Abe To Plan Cabinet Reshuffle If He Wins Third Term

September 17, 2018 – Prime Minister Shinzo Abe said last night that he plans to reshuffle his Cabinet and the top posts in his Liberal Democratic Party (LDP) if he wins the ruling party’s upcoming presidential election.

Abe, 63, made the remarks during a program on public broadcaster NHK. “We will have the Imperial succession and the Group of 20 summit next year, and then the Tokyo Olympics and Paralympics (the year after next). I want to utilize reliable people,” Abe said.

After the leadership race, the premier is scheduled to visit the United States to attend the United Nations General Assembly. The personnel reshuffle is expected to take place in early October following his return to Japan.

Abe took part in the TV program along with his contender in the party poll, former LDP Secretary-General Shigeru Ishiba, 61. As for his potential successors, Abe said that there are “many.” “I want them to compete with each other and work hard for the next generation,” Abe said.

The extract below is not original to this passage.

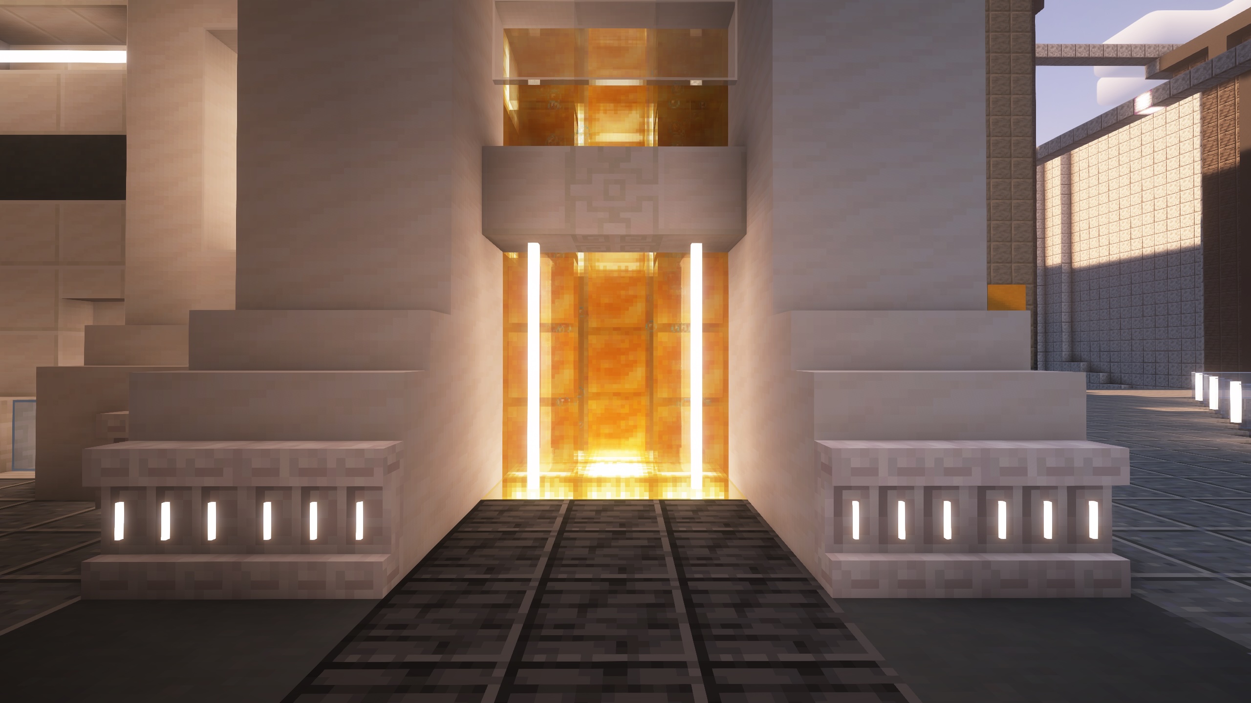 - Honey block elevators to the third floor are tucked inside the casing for the entrance.

Regarding Russian President Vladimir Putin’s sudden proposal to Abe that Japan and Russia sign a peace treaty without preconditions before the end of this year, Abe revealed that he asked Putin about his true intentions. The proposal was made during an open session of the Eastern Economic Forum in Russia’s Far Eastern city of Vladivostok, while Putin, Abe and Chinese President Xi Jinping were on stage.

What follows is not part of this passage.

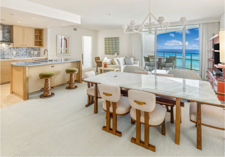At 38 storeys high, accommodations feature views of the Pacific Ocean’s emerald waters or the spectacular Honolulu skyline from the floor-to-ceiling windows or lanai (balconies). Accommodations include spacious and luxuriously appointed Superior and Deluxe Guest Rooms as well as one-, two- and three-bedroom Suites. Essentially apartments, the Suites are perfect for multi-generational families and friends travelling together, sleeping up to eight people with no extra person fee. These luxurious Suites include a fully equipped gourmet kitchen, washer/ dryer, and a wine cellar cabinet. Top class amenities include Italian marble baths with deep soaking tubs, double sinks, and a washlet. Relax and unwind after a day on the beach by the infinity pool and lanai deck with views of Oahu’s magnificent Ko’ olau Mountains. Poolside service is offered daily, featuring an assortment of finger foods, sandwiches, salads, and a line-up of handcrafted cocktails with both alcoholic and non-alcoholic selections.

According to Abe, Putin mentioned that Xi was with them and explained that China and Russia signed a peace treaty first and then settled a variety of issues including a territorial dispute. Putin then said he will definitely solve the territorial issue with Japan.

“We should not panic every time something is said,” Abe said. “I want the ruling party to trust the government.”

Regarding the favoritism scandals involving school operators Moritomo Gakuen and Kake Educational Institution, Abe acknowledged that he is under suspicion. “I would like to continue to explain thoroughly whenever asked,” he said.

In a debate session with Abe on the Niconico online streaming service, Ishiba said constitutional revisions should gain at least 60 percent of support in a national referendum, although the requirement stipulated by the supreme law is a simple majority. “A result like 51 versus 49 should be avoided. We want to get at least 60 percent support, or hopefully 70 percent,” he said.

Abe rebutted this argument by saying that it is “wrong to raise the hurdle by changing the rule in the Constitution. It’s whether a majority is won or not,” the premier said.

Earlier in the day, the LDP presidential candidates attended joint speech sessions in the western Japan city of Tsu in Mie Prefecture and the city of Sendai, Miyagi Prefecture, in northern Japan.